Is not it a great idea? Living underground, in the space that would be occupied by a vehicle that is no longer used. If cars disappeared, how much wasted space that could be turned into wonderful single-person homes! What’s the problem? Housing is the central theme of the Norwegian film ‘Arkitekten’, available on Filmin, the Catalan platform that also celebrates its Atlàntida Film Fest these days in style, in Mallorca. Recently, former President Zapatero said in an interview that during his term the biggest structural problems in Spain were employment and housing, and then everything else. And that today, the same. The house has a thousand facets and this series tries to identify them and turn them around as best it can.
For starters, we live somewhere in the near future, where everything is sinister but resonates with life today: voice assistants maintain that haunting HAL-9000 vibe, delivery drones replace a visit from your mother, and we interact with answering machines. automatic when we call the bank —the violence of this sequence in the series, the first, is brutal. The favorable granting of a mortgage is a dream and the one who manages to pay the down payment on a mini-apartment is perhaps thanks to the fact that he has received compensation because he has been violently robbed. There are even people who have started living illegally in garage spaces separated by curtains.
One of those who opts for this solution is Julie, who is going through all these problems, but on top of that she works as an intern in an architecture studio. One project could get her out of poverty: she’ll invent some way to build thousands of new homes in the crowded center of the city. A new law allows building houses without windows and the solution will be in the garage: “it doesn’t cost anything, the foundations are already made, and better without windows, since glass is very expensive” (by the way, the developers that appear are very magnificent and nothing “vultures”). Unexpectedly, Julie makes a friend on the other side of the curtain, in the adjacent garage space. Her name is Kaja, and it turns out that she is also an activist against urban barriers: with her radio she goes around the city slicing up thoughtful decorations, for example, so that no one sits down or a homeless person cannot sleep, something that we all see appear undisguisedly. in the ornamental elements of our cities. The relationship between the two, Julie and Kaja, seems to want to tell us something positive about contact between neighbors. We would be forced to understand each other if we all lived a curtain away and, perhaps, one in a million, we would find the most beautiful of friendships. There has to be something more than contact.
The series is very short —not even 80 minutes— and so minimalist that there is barely room to go into too many complexities. Beyond the visual and geometric beauty of the places, the characters can be counted on the fingers of one hand and everything seems a bit forced. The plot of the activist enters with a shoehorn, wanting to touch more sticks of the right to the city, as the academic Henri Lefebvre called it and David Harvey has dedicated his entire life to studying. Thus, in a short time, the right to public and private space is mixed, an interesting combination that would require more time. There is a very good moment in which Julie waits for her mother in a square, and a woman appears who reminds her that if she spends more than five minutes there, she is obliged to consume —the worker goes with a backpack-coffee maker on her back— . This is by no means crazy about the series, it is simply a slight exaggeration of the palpable trend towards the privatization of public spaces and the relentless drive towards hardly any leisure without spending in our societies. We see the same with face-to-face attention in the bank: there are already those who propose to collect it, just like in the series.

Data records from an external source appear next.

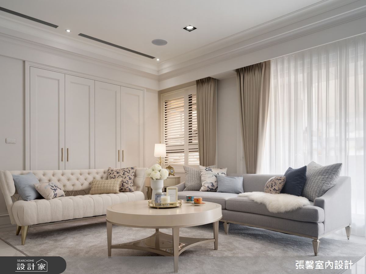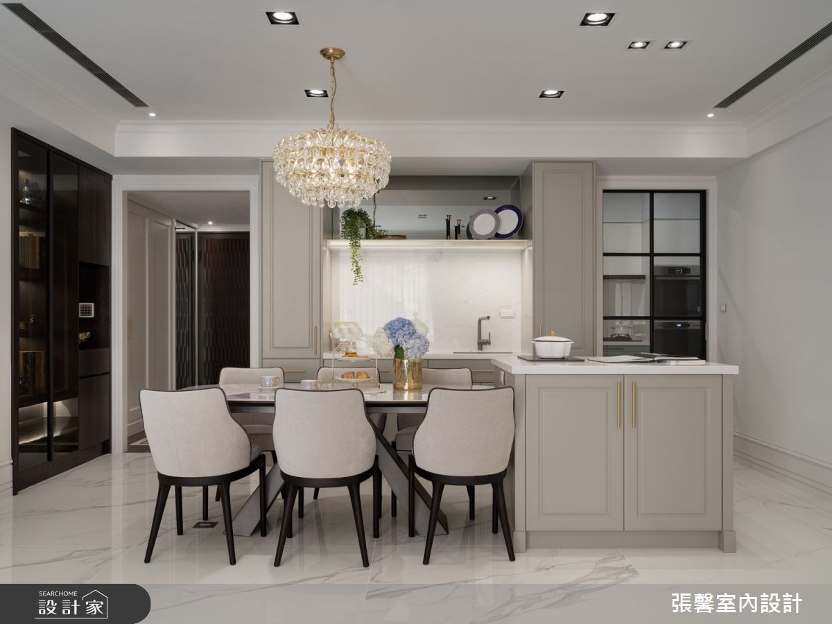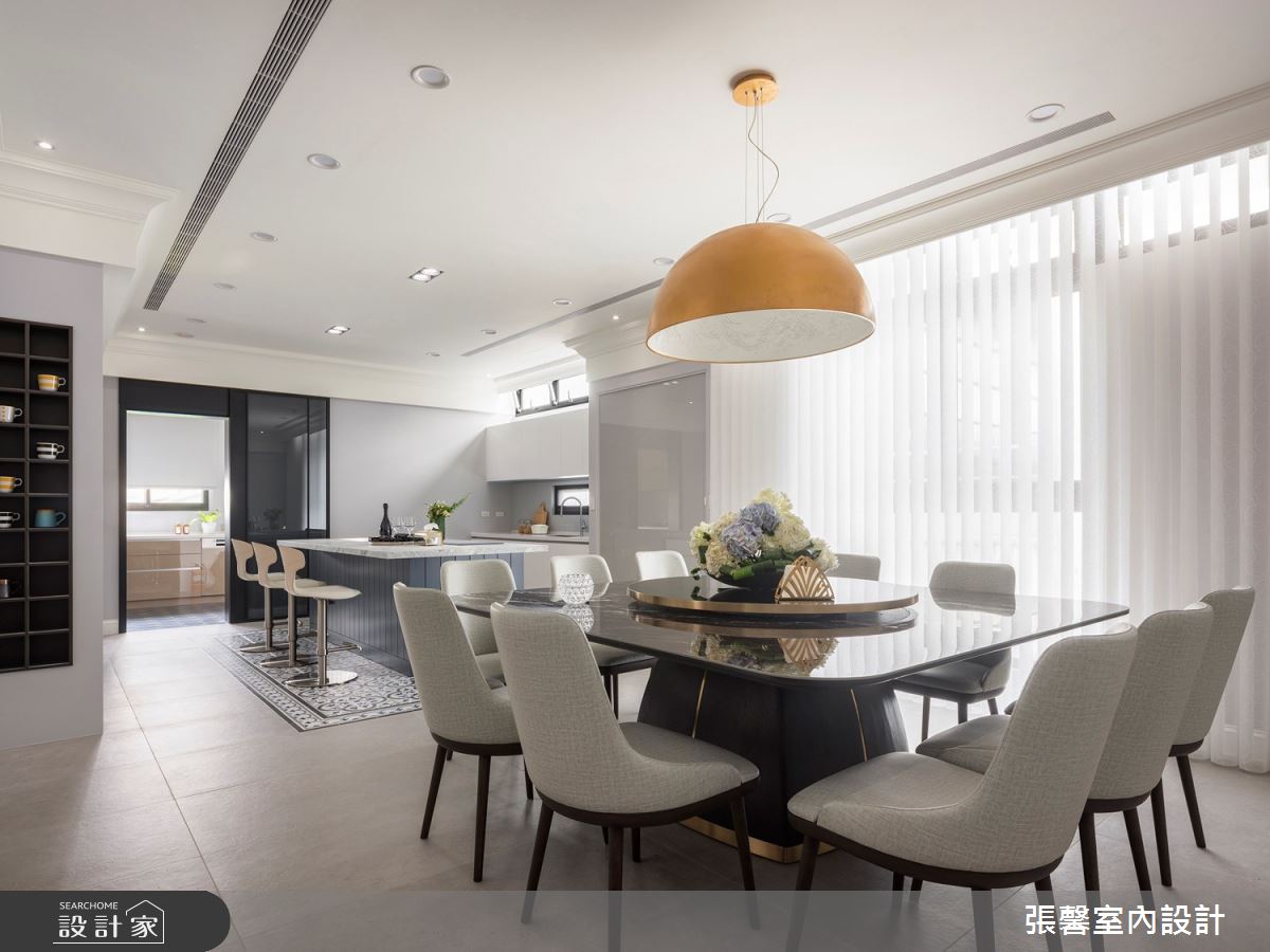 由張馨室內設計精心規劃的55.5坪三房住宅空間,家庭成員一共有2位大人、2位小孩。因應屋主需求,設計師運用美式風作為主軸,搭配油漆、乳膠漆、壁紙、木地板、鐵件、鍍鈦金屬、木作貼皮、系統板材、大理石、磁磚、木百葉、線板、噴漆,打造全家人的夢想家居。
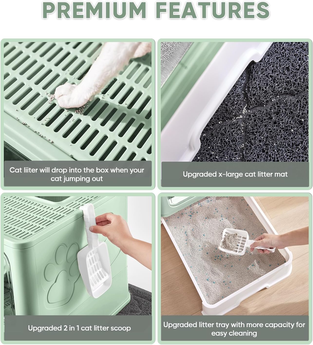 Cat Litter Box with X-Large Litter Mat and Scoop, Large Foldable Litter Box with Lid, Enclosed Kitty Box,Front Top Entry Exit, Odor Control Easy to Clean (Upgrade Green)
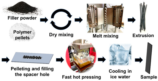To determine the percolation thresholds for the composites filled with various types of the filler particles before their any additional thermal treatment, samples in the form of plates 12 mm × 60 mm × 1 mm in size were prepared from the granules of the composites by fast hot pressing (200 °C, pressure 3 MPa, time in a melt state <1 min). Cooling was performed by immersing the composite samples in ice water. The corresponding full composite processing scheme is presented in the Figure 2.
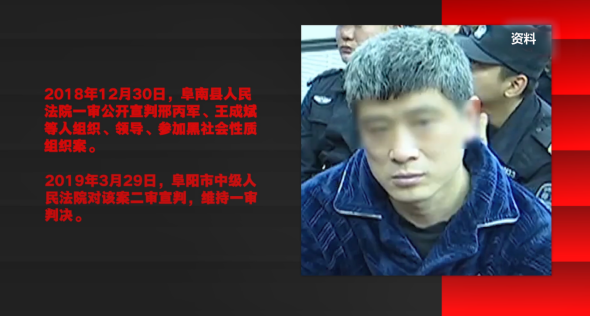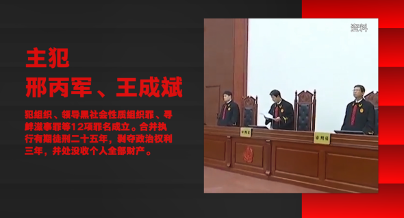 同年12月,阜南县人民法院一审公开宣判,主犯邢丙军、王成斌犯组织、领导黑社会性质组织罪、寻衅滋事罪等12项罪名成立,合并执行有期徒刑二十五年,剥夺政治权利三年,并处没收个人全部财产。其余50名被告人分别获刑。
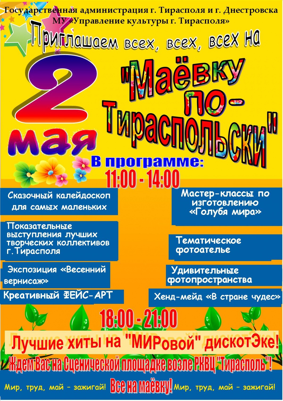 «Маевка по-тираспольски». На сценической площадке перед РКВЦ «Тирасполь» будут организованы большой концерт и зона для активного отдыха.
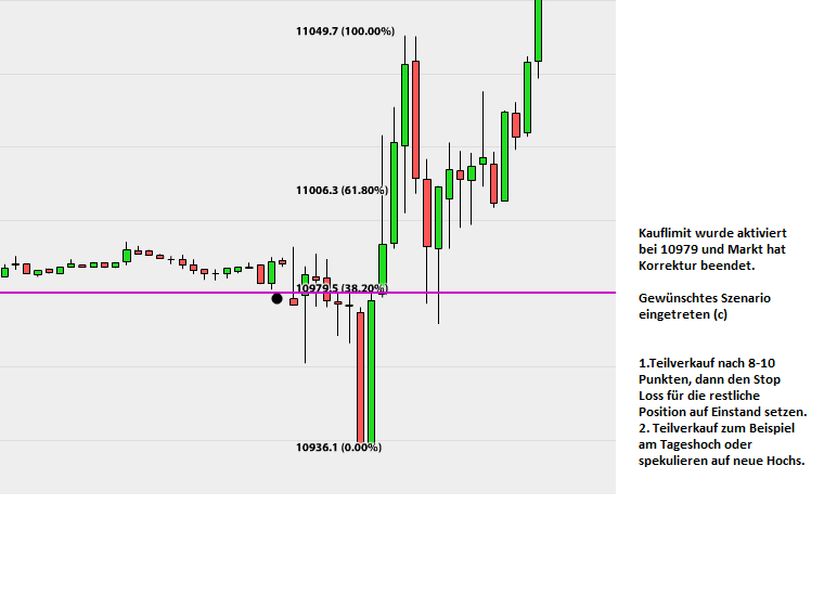 b) Der Rebound erfolgt an meiner – oder in der Nähe meiner Tradeeröffnung und mein Trade läuft ein paar Punkte ins Plus. Danach dreht er aber wieder in die zuvor gestartete Korrektur (also gegen meine Trade-Richtung).
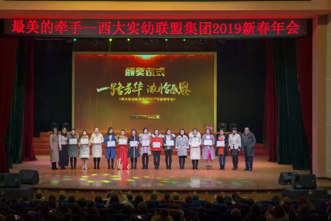 年会由金年会jinnianhuicom实验幼儿园统筹策划,各姊妹园广泛参与,精心准备。节目热闹、喜庆、温馨,精彩纷呈,舞蹈、哑剧、快板等形式多样的节目无不展现幼师风采,体现了集团和谐向上的美好形象。同时,年会还颁发了西大实幼联盟集团首届先进个人和优秀成果荣誉证书。
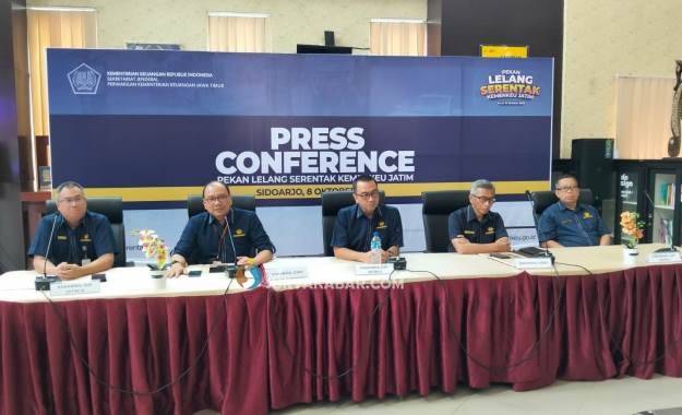 SIDOARJO, SURYAKABAR com – Kantor Wilayah Direktorat Jenderal Pajak (DJP) Jawa Timur dan Kantor Wilayah Direktorat Jenderal Bea dan Cukai Jawa Timur, bersama Kanwil Direktorat Jenderal Kekayaan Negara (DJKN) Jawa Timur menyelenggarakan Konferensi Pers kegiatan Pekan Lelang Serentak di Kantor Wilayah DJP Jawa Timur II, Rabu (8/10/2025).
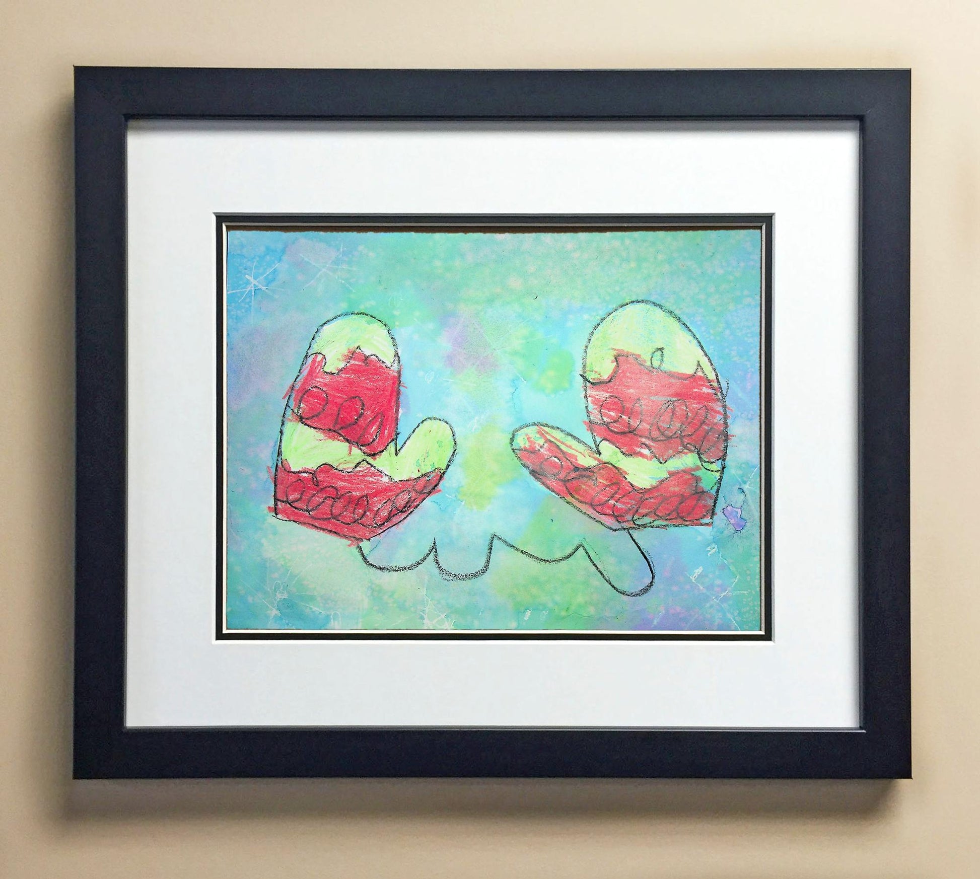 Included with the purchase is the Students Artwork, Frame, double matboard, shatter proof plexiglass, and a ready to hang backerboard with turnbuttons
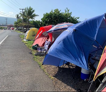The residents, who had pitched eleven tents outside the Kona Community Aquatic Center, told outreach workers they had previously taken refuge in the bushes at the Old Kona Airport Park, but were forced out when the county performed a sweep of the park ahead of a concert earlier this month. Without assistance finding shelter, the residents moved down the road, relocating to just outside the community pool.
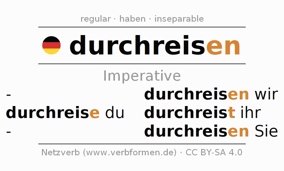 The verb durchreisen (hat) fully conjugated in all persons and numbers in the Imperative Present

Only another couple of characters are explored, very grotesque, which are supposed to be the note of existentialist Nordic humor – in my case, laughter has not worked, nor has the “microwave rap” scene. Between the four of them, they generate a landscape that is too schematic for a very complex reality. More than real people, they seem like archetypes of moral options in the face of problems (activism at one extreme, insurance scam at another), which adds an air of strangeness to everything, encapsulated in the character of Julie. She also has an Asperger aura that reinforces this dystopian reverie.
This distance means that we don’t empathize with anyone —it’s not that it has to be that way—, but personally I would give the series an adjective: insufficient. It may be because I was expecting proposals or solutions, and here there are none —and it didn’t have to be that way either, error of expectations. It is tremendously negative and hopeless, so it is up to the viewer to wonder what to do to avoid moving towards that portrayed site, how to favor other things, what does a home mean and why should it have light and more than ten square meters, how do we do it if everyone we want to live in the same place… proposals, answers, which we will have to find elsewhere.